CBV RetrievePostcodeFeatures(MwmContext const & context, TokenSlice const & slice);
// A caching wrapper around Retrieval::RetrieveGeometryFeatures.
CBV RetrieveGeometryFeatures(MwmContext const & context, m2::RectD const & rect, RectId id);
// This is a faster wrapper around SearchModel::GetSearchType(), as
// it uses pre-loaded lists of streets and villages.
[[nodiscard]] bool GetTypeInGeocoding(BaseContext const & ctx, uint32_t featureId, Model::Type & type);
// Reorders maps in a way that prefix consists of "best" maps to search and suffix consists of all
// other maps ordered by minimum distance from pivot. Returns ExtendedMwmInfos structure which
// consists of vector of mwms with MwmType information and number of "best" maps to search.

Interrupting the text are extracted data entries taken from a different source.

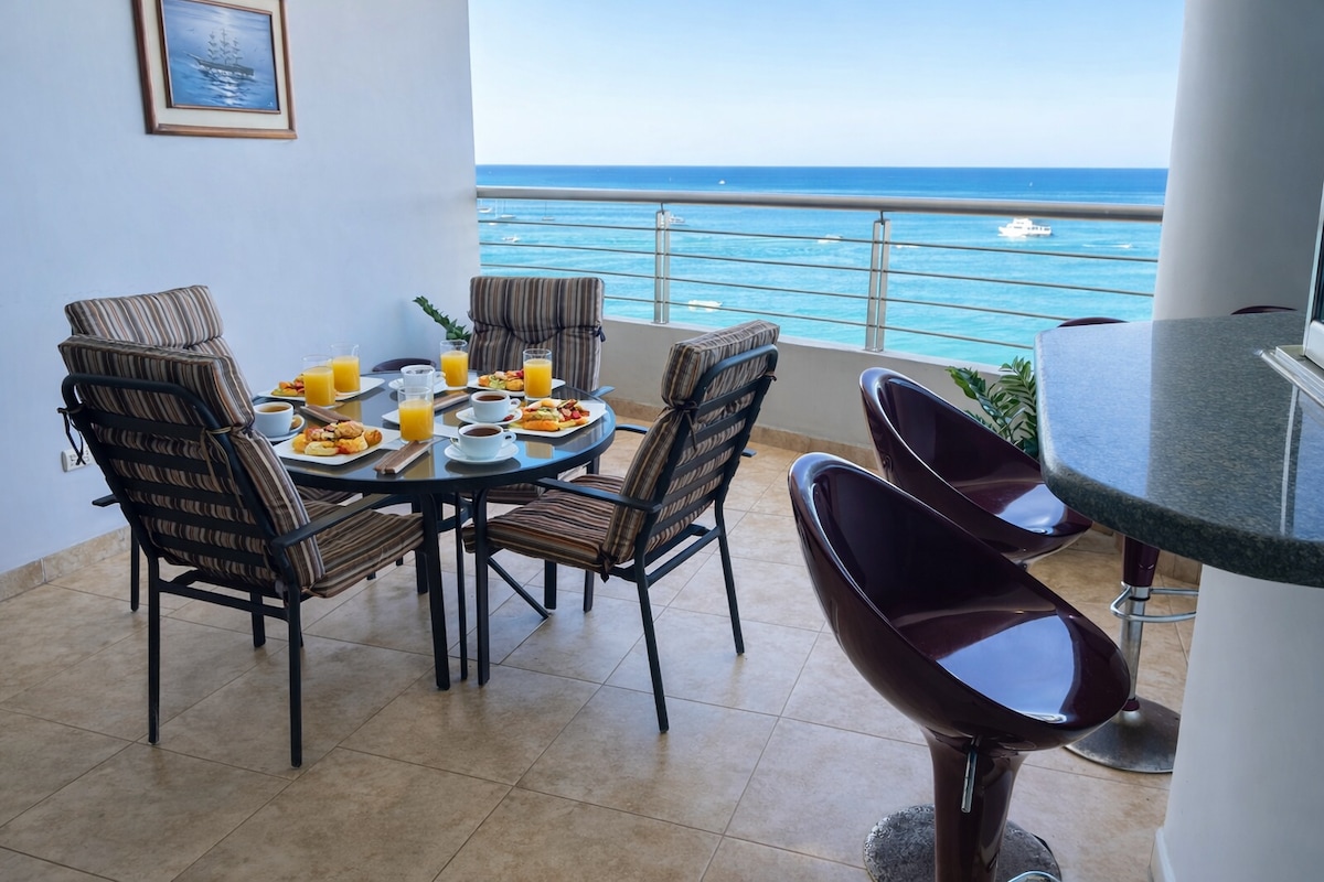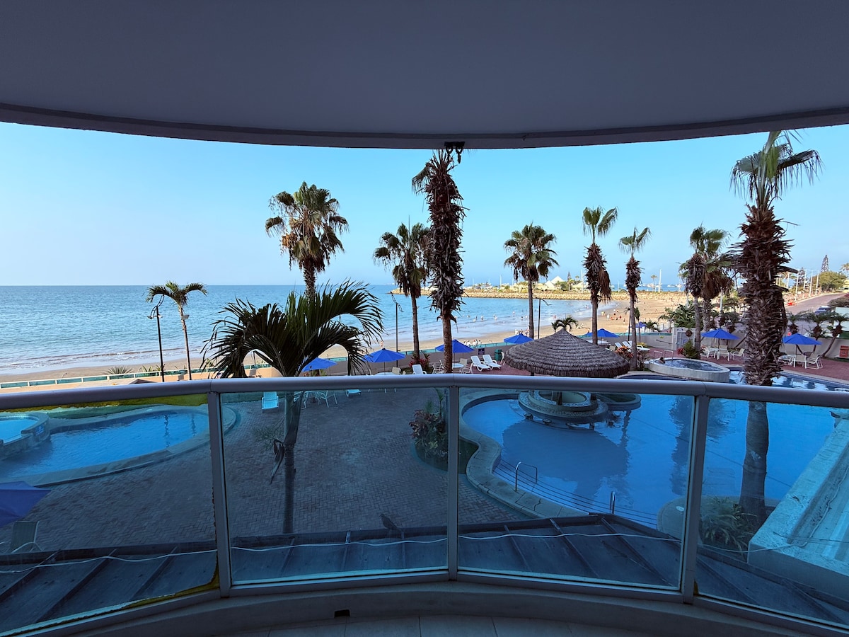 Beachfront with 24h security in the complex, beach and parking. Wake up to the sound of the sea, have coffee with the breeze coming through the window and feel time stand still ♥ ⭐Includes: 3min walk to beach Parking and 360° views WiFi 600Mb Pools, jacuzzi and BBQ area Rooms with A/C and hot water TV: Netflix, Spotify & Alexa Airfryer, coffee maker, microwave, fridge and stove 3 bathrooms, crib, Pet-friendly, elevator Towels, bed linens and toilet paper Guards, cameras and 24h security circuit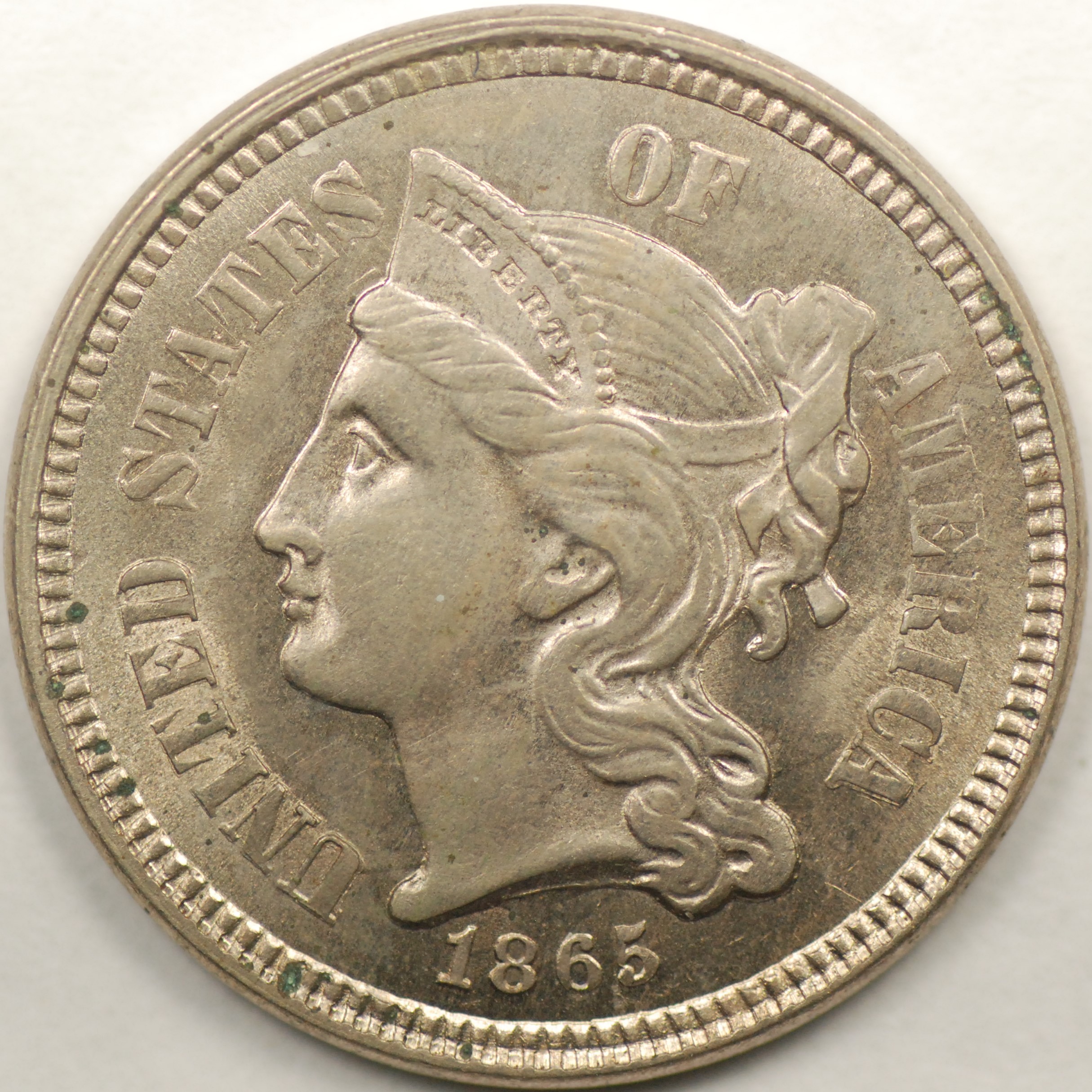 | 65946 R | 1865 | Copper-Nickel Three Cents | About Uncirculated | $70.00 | |||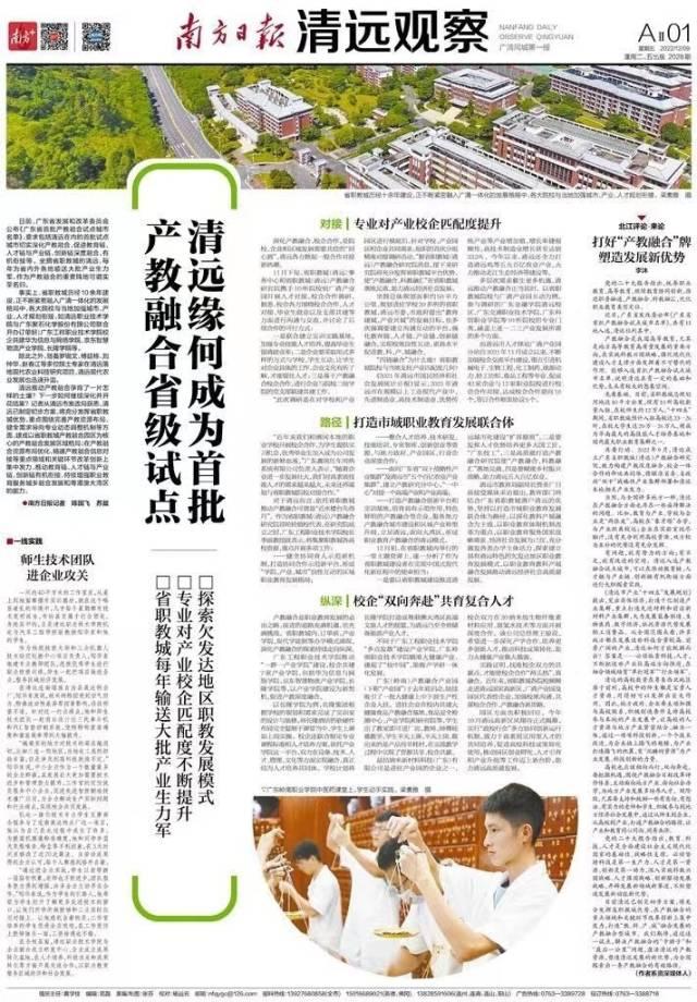 ——打造產(chǎn)教融合創(chuàng)新平臺和實訓基地,培育具有示范作用、特色鮮明的產(chǎn)教融合型企業(yè),服務地方產(chǎn)教融合城市建設(shè)和區(qū)域產(chǎn)業(yè)轉(zhuǎn)型升級,立足清遠,面向大灣區(qū),形成職業(yè)教育產(chǎn)教融合的清遠模式。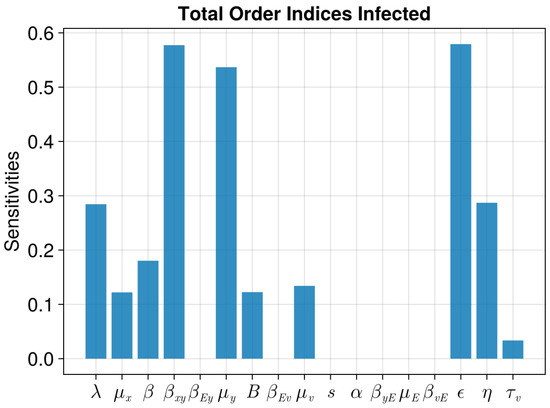 For Model 2, the Sobol total order indices of the infected cells with antivirals are shown in Figure 9. Only the results with treatment are shown. The most important indices are , and . The most influential main order Sobol indices are the same, and since we are most interested in the variations including the interactions, the plot of the main order indices is not included.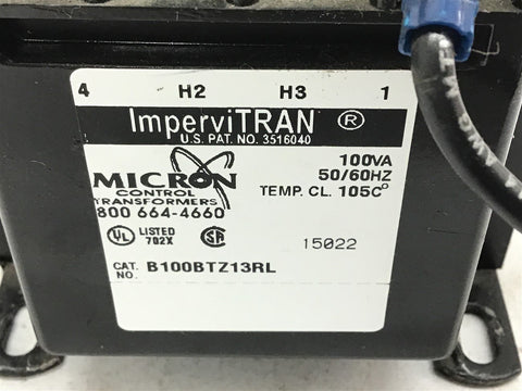 Micron B100BTZ13RL Control Transformer 100 VA Return Policy Returns accepted within 30 days. Items sold as is cannot be returned, unless description is in error. Buyer pays return freight. Shipping Policy We ship almost all items with 1 business day of cleared payment. We ship USPS and UPS. We can ship on your account. If you will be shipping freight, please be sure to provide all delivery contact information including a phone number. We will need to know if you have a fork lift or dock.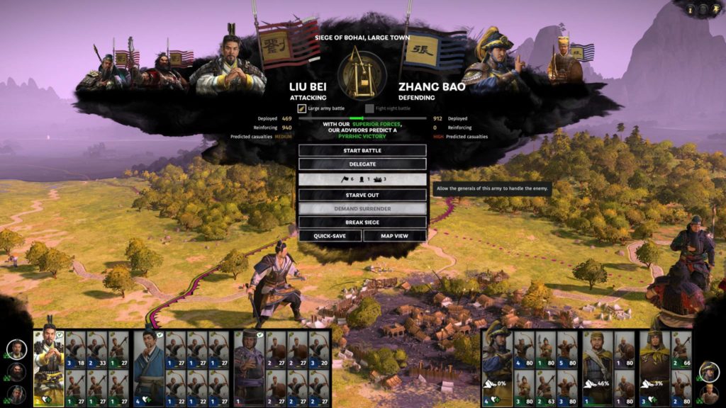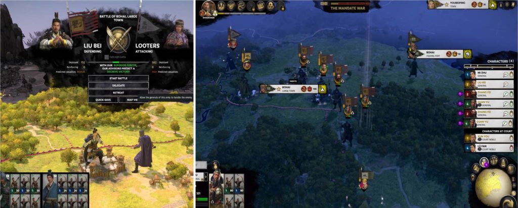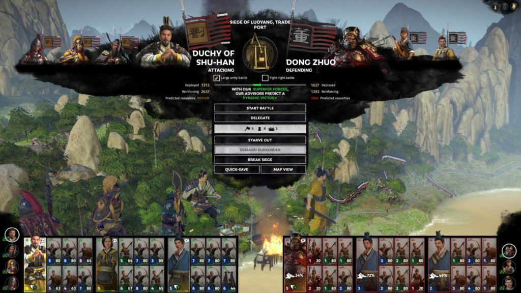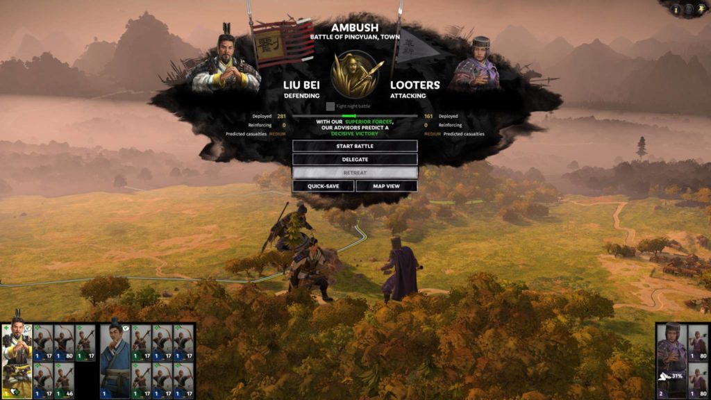 Liu Bei’s Mandate of Heaven campaign can be difficult because you have to ensure that you’re in the correct positions and stances each turn. Otherwise, the looter armies you encounter will end up running away, or they can attack you while your troops are weak (leading to restarts). You may have to manually fight each battle (especially on higher difficulties) to minimize casualties.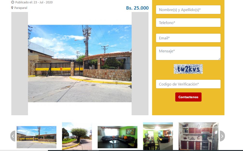 Al dar clic en el botón Ver Deralles, encontraremos una ficha completa de cada inmueble con una galería de imágenes, mapa de ubicación, descripción del inmueble, aspectos generales principales relacionados al Inmueble. Además, hay un formulario en la parte derecha.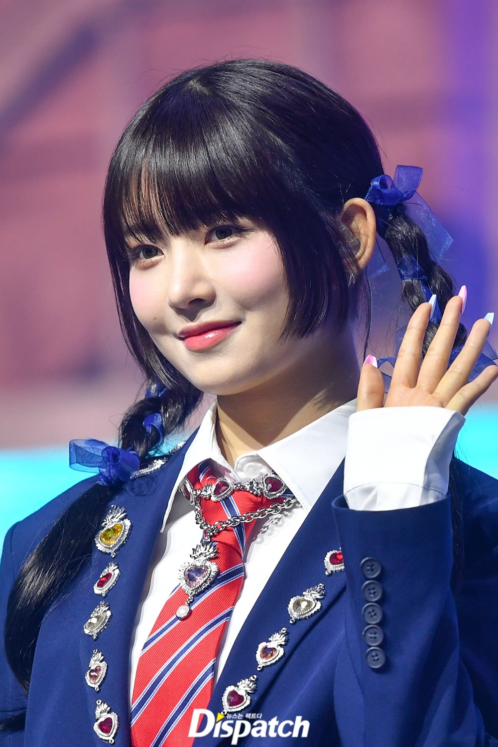 레이는 이날 양갈래 머리로 깜찍함이 돋보이는 헤어스타일로 취재진의 이목을 사로잡았다.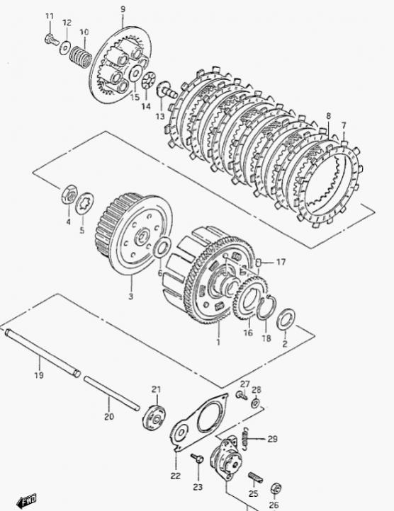 Leider habe ich seit einer Woche ein paar Probleme mit der Kupplung meiner GS. Weder Kupplungsdruckstab (Teil 20) noch der Korb bewegen sich (hab dort beim Ölmessstab hinein geguckt)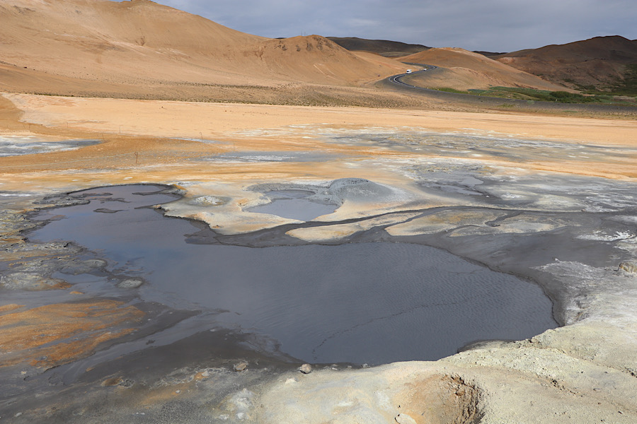 Wir starten vom Myvatn zum Hochtemperaturgebiet Hverarönð. Bereits ein paar Kilometer vorher merken wir wie sich die umliegende Landschaft verfärbt. Gelb- und Ockertöne dominieren die Färbung des Gesteins. Gleichzeitig kündigen uns weiße Rauchsäulen an, dass wir unserem Ziel näher kommen. Natürlich ist der Parkplatz nicht kostenfrei. Die Online-Bezahlung funktioniert bestens.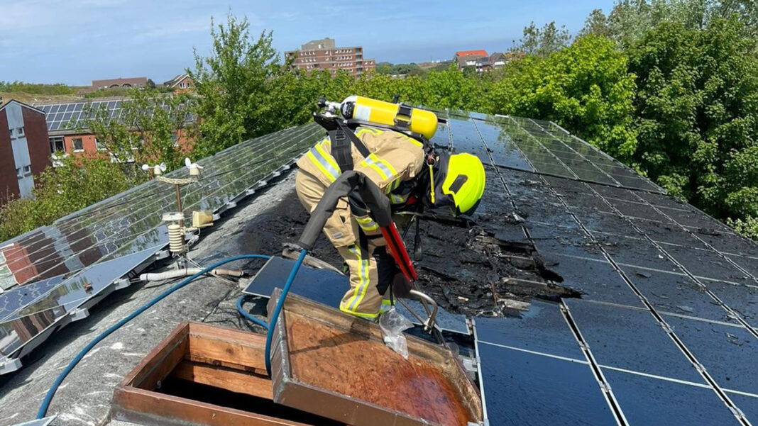 Пожежник ліквідує загоряння сонячних панелей на даху
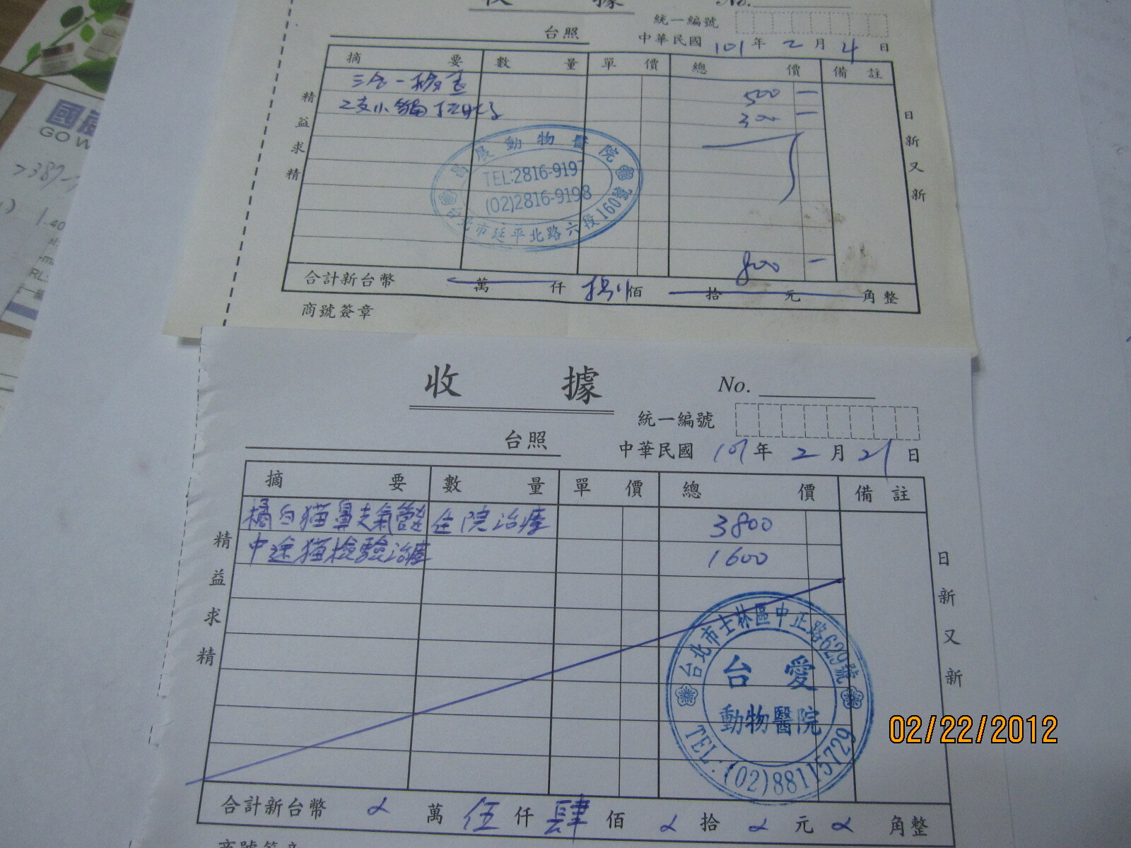 另在昌展動物醫院中途貓血檢費用跟小貓拉肚子一併申請(800)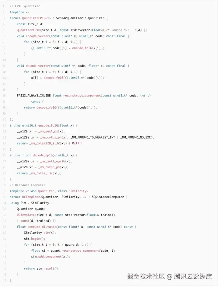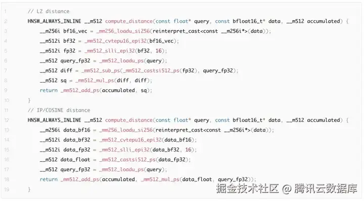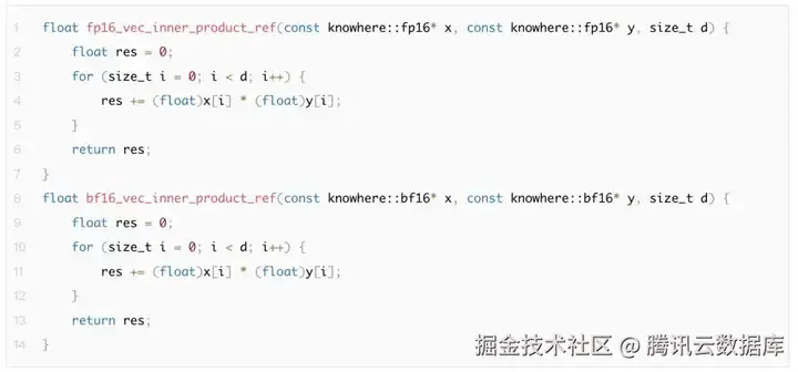 另一知名厂商的开源版本实现中,也提供了半精度浮点数量化。在实现FP16、BF16半精度向量计算时,也是先转换半精度浮点数为单精度浮点数,再进行距离运算。核心代码如下: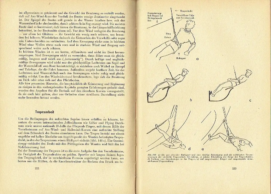 guter Zustand, geringe Gebrauchs- und Alterungsspuren: Einbandecken gering abgenutzt bzw.leicht defekt - Rücken teils etwas fleckig - Papier etwas vergilbt, aber Seiten sauber und ordentlich - weniger als 10 kleine Eselsohren, Bei der seglerischen Ausbildung steht der Erwerb und die Vertiefung der seemännischen Kenntnisse im Vordergrund. Nur wer ein Boot seemännisch sicher führen kann und das durch den Erwerb eines Befähigungsnachweises nachgewiesen hat, darf sich im Rahmen seiner segelsportlichen Leistungsentwicklung dem Wettsegeln in den Regatten und der Verbesserung der Schnelligkeit seines Bootes widmen. Aus diesem Grunde vermitteln auch die Bände I bis IV dieser Buchreihe zuerst die Lehrstoffe, die zum Erwerb eines Befähigungsnachweises zur Führung eines Sportbootes nach den Ausbildungsvorschriften des Deutschen Segelsportverbandes im DTSB gefordert werden müssen. Der vorliegende Band zum Erwerb allgemeiner Grundkenntnisse der Segeltechnik, gepaart mit einigen besonderen Hinweisen für die wichtigsten internationalen Bootsklassen, dient zur Weiterbildung der Regattasegler, für die es bisher noch keine Qualifikationsnachweise gibt. Der qualifizierte Regattasegler unterscheidet sich von einem allgemeingebildeten Segler, der seinen Segelsport nur zur Entspannung und Erholung ausübt, dadurch, daß er vom Gesichtspunkt der Technik bewußter und auch überlegter alle Teile seines Bootes zur Erzielung höchstmöglicher Geschwindigkeit zum Einsatz bringt und in ihrem Zusammenwirken diesbezüglich aufeinander abstimmt. Der allgemeingebildete oder der Fahrtensegler entscheidet demgegenüber mehr mit Gefühl und Erfahrung, welche Kurse das Boot laufen und welche Segel es tragen muß, um unter Berücksichtigung größtmöglicher Sicherheit eine ausreichende Reisegeschwindigkeit zu erzielen. Durch das seglerische Gefühl allein kann sich ein Regattasegler jedoch nur bis zu einer gewissen Leistungshöhe entwickeln. Wer Leistungssport im Regattasegeln auf die Dauer erfolgreich betreiben will, muß einen umfassenden Einblick in das weite Fachgebiet der Segeltechnik nehmen, das nur schwer gegenüber der Physik, der Bootsbautechnik und anderen -Wissenschaftsgebieten abzugrenzen ist. Unter dem Begriff „Segeltechnik verstehen wir die praktische Anwendung der in diesem Buche dargelegten wissenschaftlichen Erkenntnisse der Aerodynamik und Hydrodynamik zum Trimmen eines Bootes und beim Regattasegeln. Ohne Kenntnis der vielfältig verzahnten Zusammenhänge kann der Rennsegler sein seglerisches Gefühl nicht siegentscheidend einsetzen. Je größer das Regattafahrzeug und je mehr Einzelheiten an Bord zum Trimmen und .zur Verbesserung der Segeltechnik benutzt werden können, desto höher ...", Halbleinen, ca. 15 x 21, 270 Seiten mit 157 Bildern

// For viewport mode prefix consists of maps intersecting with pivot ordered by distance from
// pivot center.
// For non-viewport search mode prefix consists of maps intersecting with pivot, map with user
// location and maps with cities matched to the query, sorting prefers mwms that contain the
// user's position.
ExtendedMwmInfos OrderCountries(bool inViewport, std::vector<MwmInfoPtr> const & infos);
DataSource const & m_dataSource;
storage::CountryInfoGetter const & m_infoGetter;
CategoriesHolder const & m_categories;
StreetsCache m_streetsCache;
SuburbsCache m_suburbsCache;
LocalitiesCaches & m_localitiesCaches;
HotelsCache m_hotelsCache;
FoodCache m_foodCache;
cuisine_filter::CuisineFilter m_cuisineFilter;
base::Cancellable const & m_cancellable;
// Geocoder params.
Params m_params;
// This field is used to map features to a limited number of search
// classes.
Model m_model;
// Following fields are set up by Search() method and can be
// modified and used only from Search() or its callees.
MwmSet::MwmId m_worldId;
// Context of the currently processed mwm.
std::unique_ptr<MwmContext> m_context;
// m_cities stores both big cities that are visible at World.mwm
// and small villages and hamlets that are not.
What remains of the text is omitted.